▶ Instructions to follow
Look below for the line containing "Pesutilojen kuvaus: Uima-allas"; from there, print each line exactly up to and including the line containing "作品由两部分组成:油画布上以", and stop.

▶ Task input
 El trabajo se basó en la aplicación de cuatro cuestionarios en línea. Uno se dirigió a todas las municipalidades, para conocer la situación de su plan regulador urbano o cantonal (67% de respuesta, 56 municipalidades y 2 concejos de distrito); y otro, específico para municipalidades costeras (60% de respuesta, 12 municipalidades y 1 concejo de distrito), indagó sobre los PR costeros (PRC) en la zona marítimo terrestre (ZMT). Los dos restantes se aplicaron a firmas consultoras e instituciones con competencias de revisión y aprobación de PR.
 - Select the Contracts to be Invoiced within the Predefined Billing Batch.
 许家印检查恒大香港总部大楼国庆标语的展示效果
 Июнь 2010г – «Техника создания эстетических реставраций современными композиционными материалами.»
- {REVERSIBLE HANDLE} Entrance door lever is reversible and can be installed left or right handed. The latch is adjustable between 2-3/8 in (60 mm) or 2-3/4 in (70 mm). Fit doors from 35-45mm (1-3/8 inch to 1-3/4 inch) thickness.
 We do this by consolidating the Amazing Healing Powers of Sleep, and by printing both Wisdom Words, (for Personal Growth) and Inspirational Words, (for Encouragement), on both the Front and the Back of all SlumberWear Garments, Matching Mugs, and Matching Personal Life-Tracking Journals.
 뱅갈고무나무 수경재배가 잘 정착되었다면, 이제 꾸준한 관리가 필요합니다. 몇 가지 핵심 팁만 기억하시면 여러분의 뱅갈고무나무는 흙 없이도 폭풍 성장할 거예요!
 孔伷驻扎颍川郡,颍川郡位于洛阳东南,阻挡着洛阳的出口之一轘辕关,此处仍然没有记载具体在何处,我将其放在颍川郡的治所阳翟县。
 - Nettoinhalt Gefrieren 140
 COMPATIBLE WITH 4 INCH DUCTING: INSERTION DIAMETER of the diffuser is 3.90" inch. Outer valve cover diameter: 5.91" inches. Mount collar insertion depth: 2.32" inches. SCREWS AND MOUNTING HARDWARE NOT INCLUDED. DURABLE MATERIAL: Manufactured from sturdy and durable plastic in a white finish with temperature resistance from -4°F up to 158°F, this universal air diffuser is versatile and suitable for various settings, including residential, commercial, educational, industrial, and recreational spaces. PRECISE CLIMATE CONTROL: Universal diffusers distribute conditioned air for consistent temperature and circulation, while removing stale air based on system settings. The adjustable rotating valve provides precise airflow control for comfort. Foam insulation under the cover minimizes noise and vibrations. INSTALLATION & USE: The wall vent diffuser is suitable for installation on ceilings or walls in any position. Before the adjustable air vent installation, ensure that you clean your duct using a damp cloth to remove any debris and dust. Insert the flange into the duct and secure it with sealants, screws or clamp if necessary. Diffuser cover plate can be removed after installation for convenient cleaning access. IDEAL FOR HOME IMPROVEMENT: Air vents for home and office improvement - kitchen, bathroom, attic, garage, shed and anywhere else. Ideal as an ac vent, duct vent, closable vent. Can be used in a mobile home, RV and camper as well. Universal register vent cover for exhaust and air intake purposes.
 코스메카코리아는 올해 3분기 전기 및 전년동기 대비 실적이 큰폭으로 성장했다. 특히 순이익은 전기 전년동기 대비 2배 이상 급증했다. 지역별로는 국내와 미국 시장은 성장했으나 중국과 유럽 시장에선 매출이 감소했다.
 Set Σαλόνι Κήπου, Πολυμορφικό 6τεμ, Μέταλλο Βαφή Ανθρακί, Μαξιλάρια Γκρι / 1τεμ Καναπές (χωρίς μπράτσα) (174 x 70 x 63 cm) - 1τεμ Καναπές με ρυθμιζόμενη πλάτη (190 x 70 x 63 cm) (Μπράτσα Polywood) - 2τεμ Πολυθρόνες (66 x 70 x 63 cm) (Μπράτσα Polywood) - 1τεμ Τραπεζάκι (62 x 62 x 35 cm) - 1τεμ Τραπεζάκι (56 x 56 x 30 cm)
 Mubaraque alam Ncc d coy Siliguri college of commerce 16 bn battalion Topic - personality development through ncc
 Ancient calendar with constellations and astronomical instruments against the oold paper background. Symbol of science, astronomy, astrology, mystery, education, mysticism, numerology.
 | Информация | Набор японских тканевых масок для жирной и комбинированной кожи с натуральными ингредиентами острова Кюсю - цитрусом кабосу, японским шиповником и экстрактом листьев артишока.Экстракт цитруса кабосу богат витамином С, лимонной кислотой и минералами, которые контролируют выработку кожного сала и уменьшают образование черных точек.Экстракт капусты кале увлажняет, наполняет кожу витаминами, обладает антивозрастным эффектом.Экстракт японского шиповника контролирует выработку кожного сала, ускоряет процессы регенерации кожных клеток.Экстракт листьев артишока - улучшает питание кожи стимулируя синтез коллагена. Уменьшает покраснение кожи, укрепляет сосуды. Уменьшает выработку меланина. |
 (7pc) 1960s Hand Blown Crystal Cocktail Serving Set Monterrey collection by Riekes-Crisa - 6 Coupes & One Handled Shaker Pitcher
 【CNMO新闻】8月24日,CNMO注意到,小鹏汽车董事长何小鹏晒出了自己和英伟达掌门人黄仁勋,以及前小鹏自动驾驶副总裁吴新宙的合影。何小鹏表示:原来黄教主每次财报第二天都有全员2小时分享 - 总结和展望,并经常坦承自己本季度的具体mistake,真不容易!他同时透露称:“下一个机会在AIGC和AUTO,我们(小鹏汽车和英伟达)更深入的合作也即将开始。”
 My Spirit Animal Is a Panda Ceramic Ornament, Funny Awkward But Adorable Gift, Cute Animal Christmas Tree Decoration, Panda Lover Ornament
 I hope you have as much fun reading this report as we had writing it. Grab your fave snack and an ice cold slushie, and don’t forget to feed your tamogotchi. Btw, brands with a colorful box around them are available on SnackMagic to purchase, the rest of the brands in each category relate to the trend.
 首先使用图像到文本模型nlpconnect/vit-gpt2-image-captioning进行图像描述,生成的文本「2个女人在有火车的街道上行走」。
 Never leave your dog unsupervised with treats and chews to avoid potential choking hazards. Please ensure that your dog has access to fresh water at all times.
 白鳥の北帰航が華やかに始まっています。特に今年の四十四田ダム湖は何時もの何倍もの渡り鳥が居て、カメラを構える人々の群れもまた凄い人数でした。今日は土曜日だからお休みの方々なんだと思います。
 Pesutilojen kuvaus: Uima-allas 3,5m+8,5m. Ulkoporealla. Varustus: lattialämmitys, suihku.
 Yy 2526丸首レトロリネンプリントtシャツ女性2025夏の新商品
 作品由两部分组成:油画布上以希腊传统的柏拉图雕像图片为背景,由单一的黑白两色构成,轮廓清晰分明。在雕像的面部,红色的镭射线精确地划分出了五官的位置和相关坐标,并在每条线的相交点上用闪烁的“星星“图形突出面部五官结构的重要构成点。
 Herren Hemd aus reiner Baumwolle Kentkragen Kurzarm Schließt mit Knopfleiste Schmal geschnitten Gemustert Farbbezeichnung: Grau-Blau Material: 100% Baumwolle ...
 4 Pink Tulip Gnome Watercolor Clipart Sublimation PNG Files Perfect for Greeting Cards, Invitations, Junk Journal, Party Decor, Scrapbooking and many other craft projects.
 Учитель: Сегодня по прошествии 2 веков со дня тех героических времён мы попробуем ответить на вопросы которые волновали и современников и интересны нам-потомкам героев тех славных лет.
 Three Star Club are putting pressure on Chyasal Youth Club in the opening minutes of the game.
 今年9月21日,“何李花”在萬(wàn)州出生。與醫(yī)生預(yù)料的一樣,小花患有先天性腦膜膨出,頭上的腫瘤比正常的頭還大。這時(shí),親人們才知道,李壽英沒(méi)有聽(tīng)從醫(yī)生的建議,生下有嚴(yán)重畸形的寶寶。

▶ Solved problem
 Pesutilojen kuvaus: Uima-allas 3,5m+8,5m. Ulkoporealla. Varustus: lattialämmitys, suihku.
 Yy 2526丸首レトロリネンプリントtシャツ女性2025夏の新商品
 作品由两部分组成:油画布上以希腊传统的柏拉图雕像图片为背景,由单一的黑白两色构成,轮廓清晰分明。在雕像的面部,红色的镭射线精确地划分出了五官的位置和相关坐标,并在每条线的相交点上用闪烁的“星星“图形突出面部五官结构的重要构成点。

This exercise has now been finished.